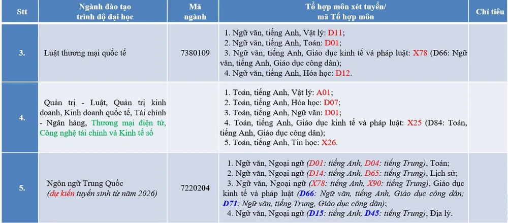 Đối với ngành luật thương mại quốc tế, Trường dự kiến bỏ các tổ hợp A01, X01, X25 và bổ sung các tổ hợp D11, D12. Trong khi đó, các ngành quản trị – luật, quản trị kinh doanh, kinh doanh quốc tế và tài chính – ngân hàng dự kiến không còn sử dụng tổ hợp A00 và X01, đồng thời bổ sung tổ hợp mới X26.
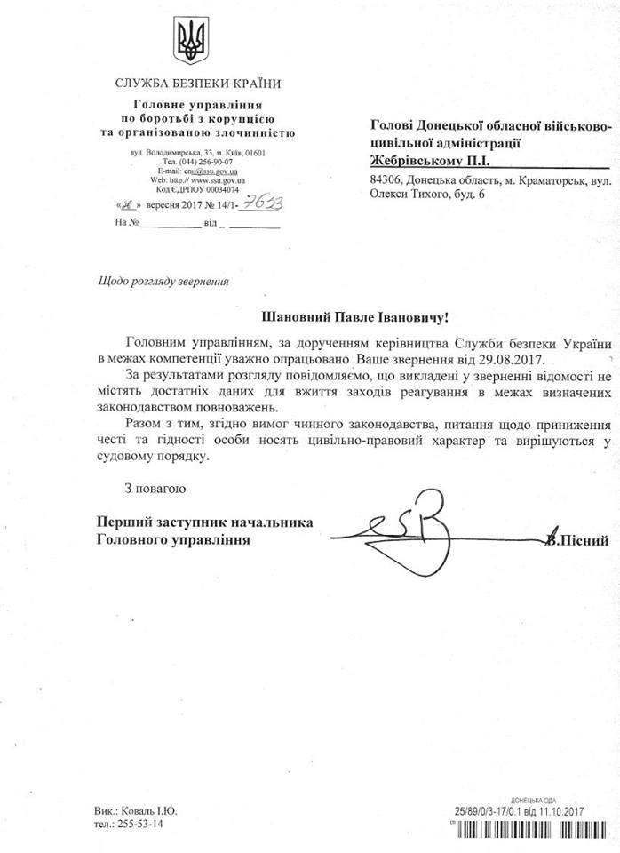 По словам Жебривского, он уже получил ответ от Службы безопасности Украины относительно рассмотрения его обращения.
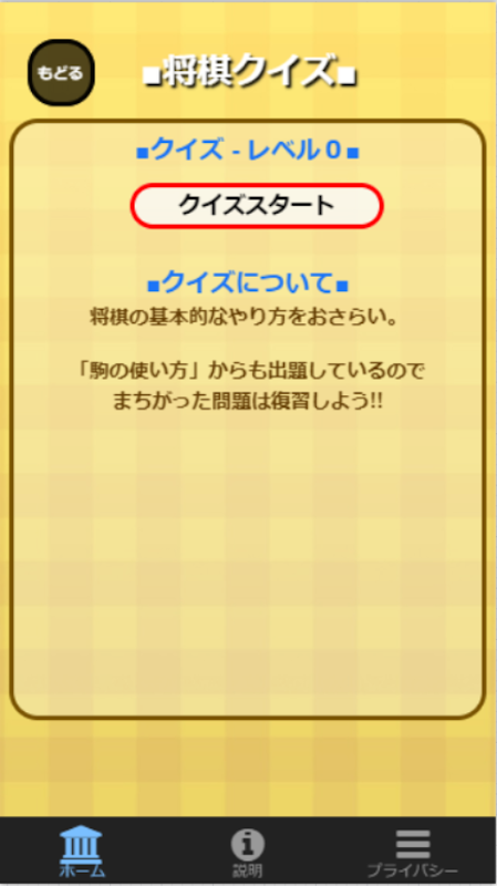 この無料アプリは、そんな方のために駒の並べ方や動かし・進め方の紹介と、確認チェック兼ねたクイズをアプリにしました。
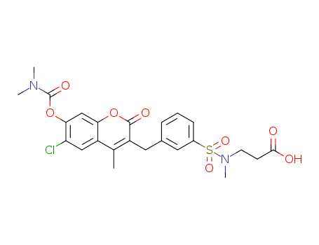 - Name: dimethylcarbamic acid 2-oxo-2H-3-(3-(carboxyethyl)(methyl)aminosulfonylbenzyl)4-methyl-6-chloro-1-benzopyran-7-yl ester
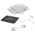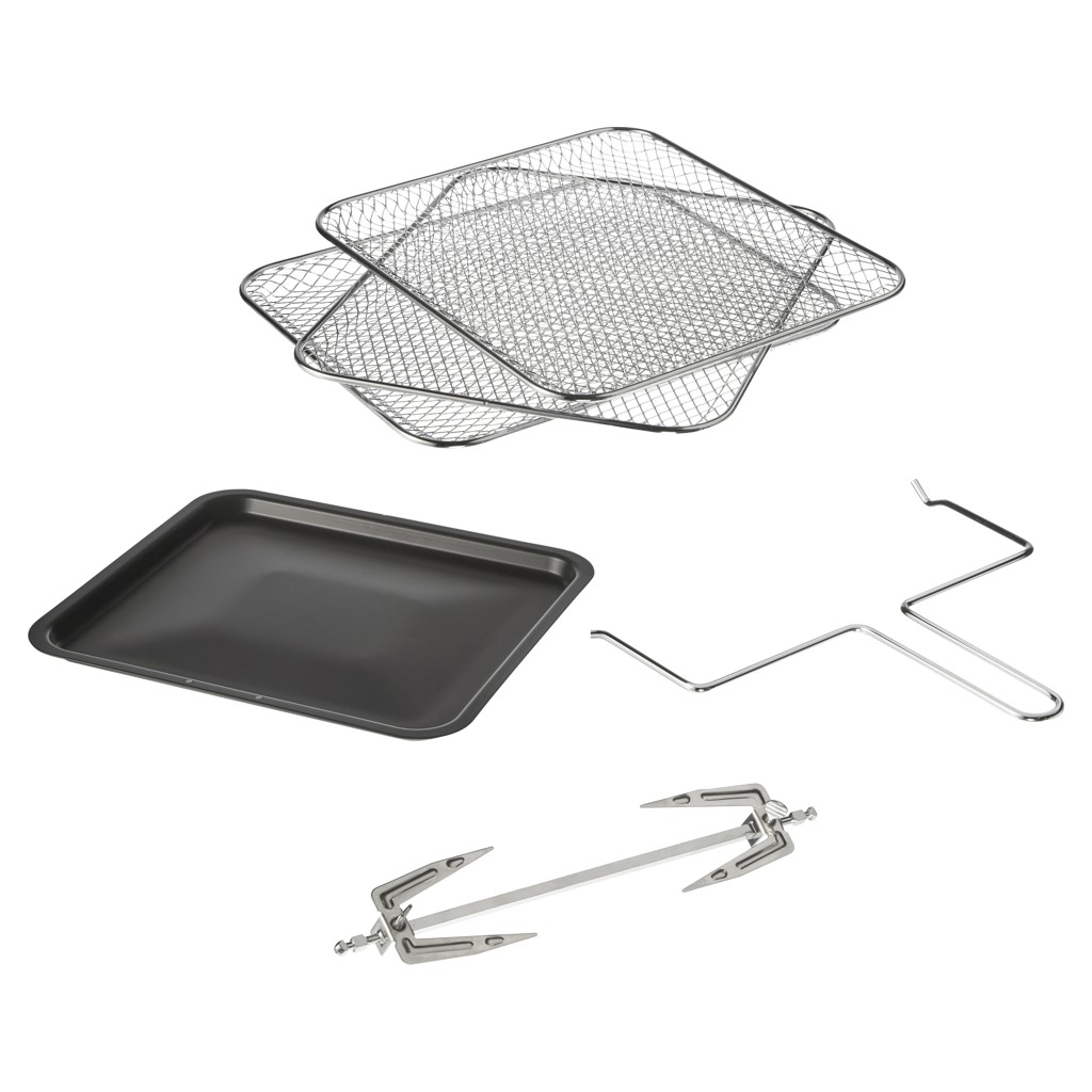 Includes 3 mesh shelves, crumb tray, rotisserie lift and accessories
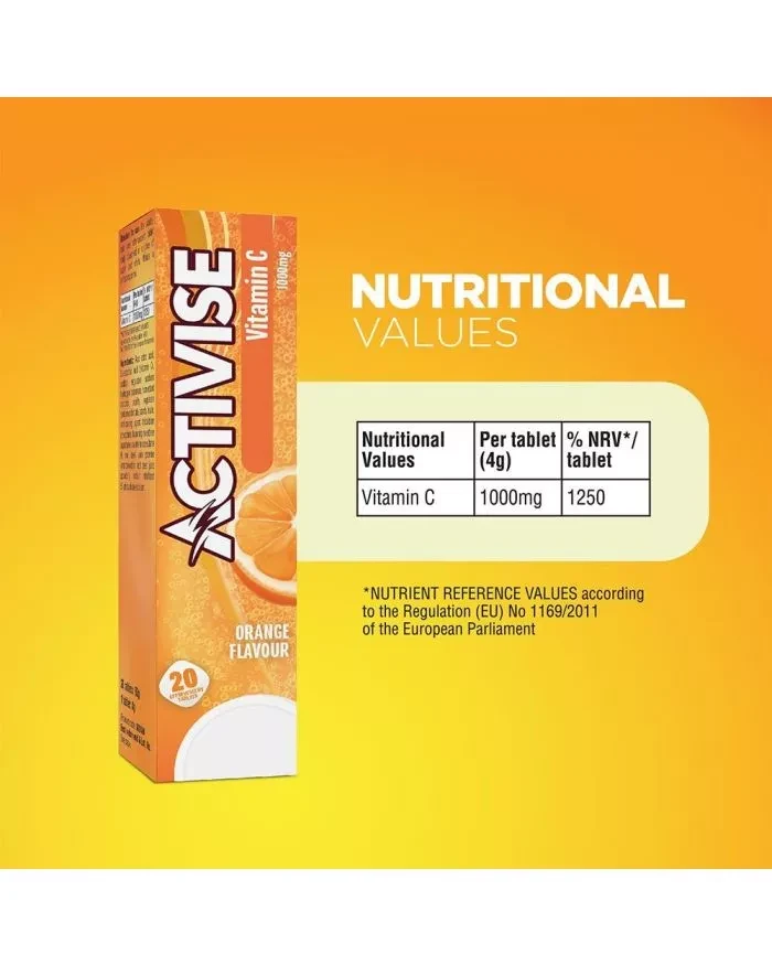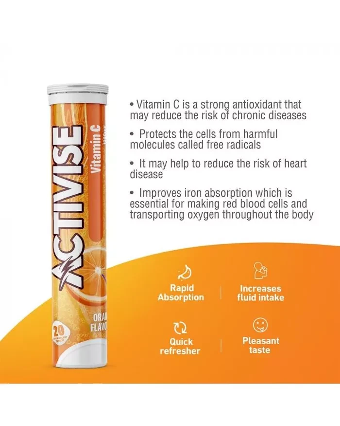 Energize your immune health with Activise Vitamin C 1000mg Effervescent Tablets. This pack of 20 tablets combines the power of high-dose Vitamin C with a burst of refreshing orange flavor. As a key player in supporting your immune system, these effervescent tablets make wellness a zesty experience.
+ + + + +
— What is expected —
Reproduce the listing above exactly from the line containing "この無料アプリは、そんな方の" up to and including the line containing "Includes 3 mesh", omitting any images and everything outside those lines.

— Solved exercise —
 この無料アプリは、そんな方のために駒の並べ方や動かし・進め方の紹介と、確認チェック兼ねたクイズをアプリにしました。
 - Name: dimethylcarbamic acid 2-oxo-2H-3-(3-(carboxyethyl)(methyl)aminosulfonylbenzyl)4-methyl-6-chloro-1-benzopyran-7-yl ester
 Includes 3 mesh shelves, crumb tray, rotisserie lift and accessories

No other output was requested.